About 1594 Shurley married Mary, daughter and heiress of Edward Halfhide of Aspenden, Hertfordshire. Her father gave them as a wedding gift Moor Hall, Ardeley, which they sold a few years later. They had at least four sons and two daughters: two of their sons, Robert and Arthur, in turn, inherited Isfield from their uncle Sir John Shurley.

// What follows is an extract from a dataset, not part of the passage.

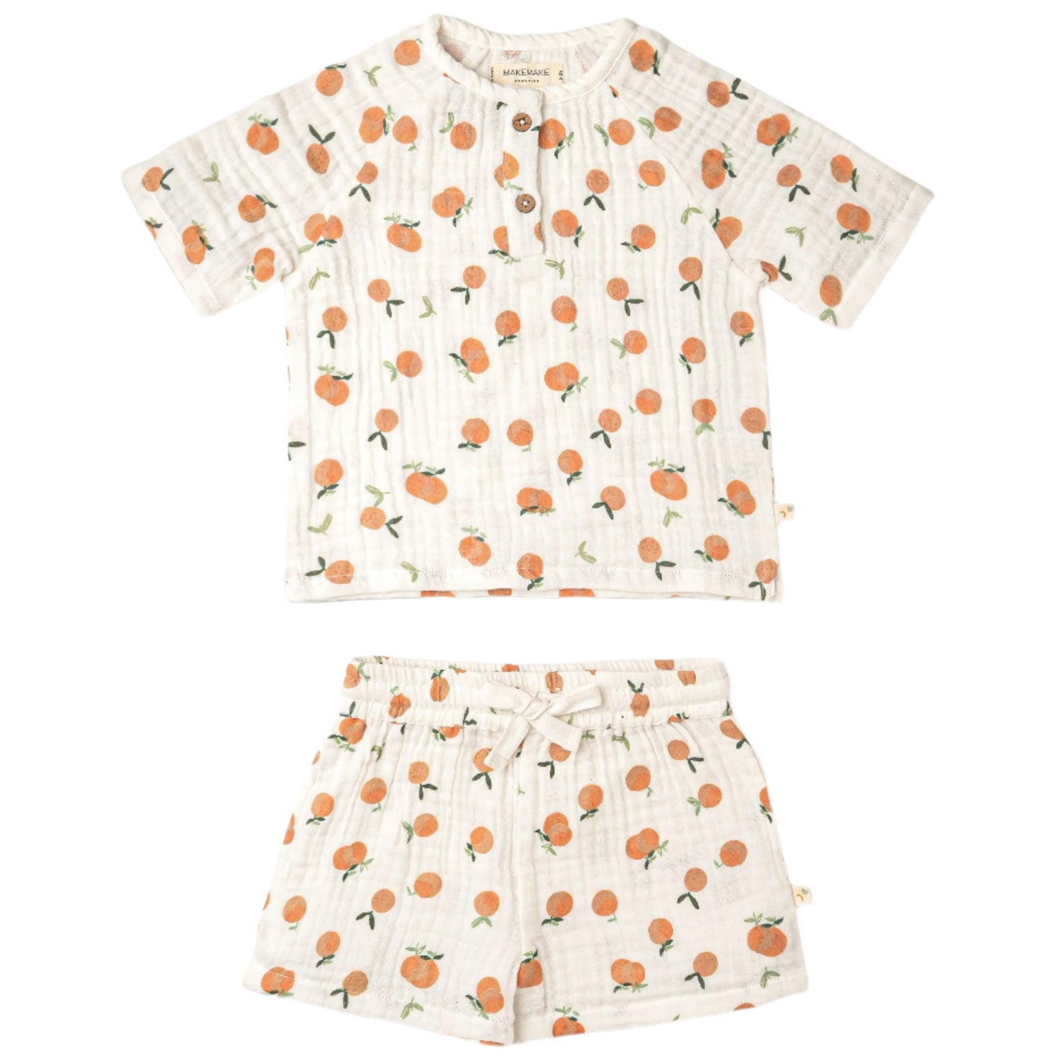 Organic Raglan Shirt & Shorts Set - Mandarin

On Arthur's death, the estates were divided between his daughters Penelope and Elizabeth. One of George's daughters, Judith, married Sir Samuel Crooke, 2nd Baronet, son of Sir Thomas Crooke, 1st Baronet; Sir Thomas was the founder of Baltimore, County Cork. The Crooke estates later passed by inheritance to the Warren baronets. The other Shurley daughter, Penelope, married Francis Selwyn of Friston, Sussex and had issue.

While In Ireland Sir George Shurley took an Irish wife named Anna. After his time as Chief Justice, he went back to England without Anna, returning to Mary and their family in England. Angry with George, Anna raised her children as an Irish bloodline, even though Sir George insisted on their noble bloodline. This is how the Irish "Shurley" family came to be.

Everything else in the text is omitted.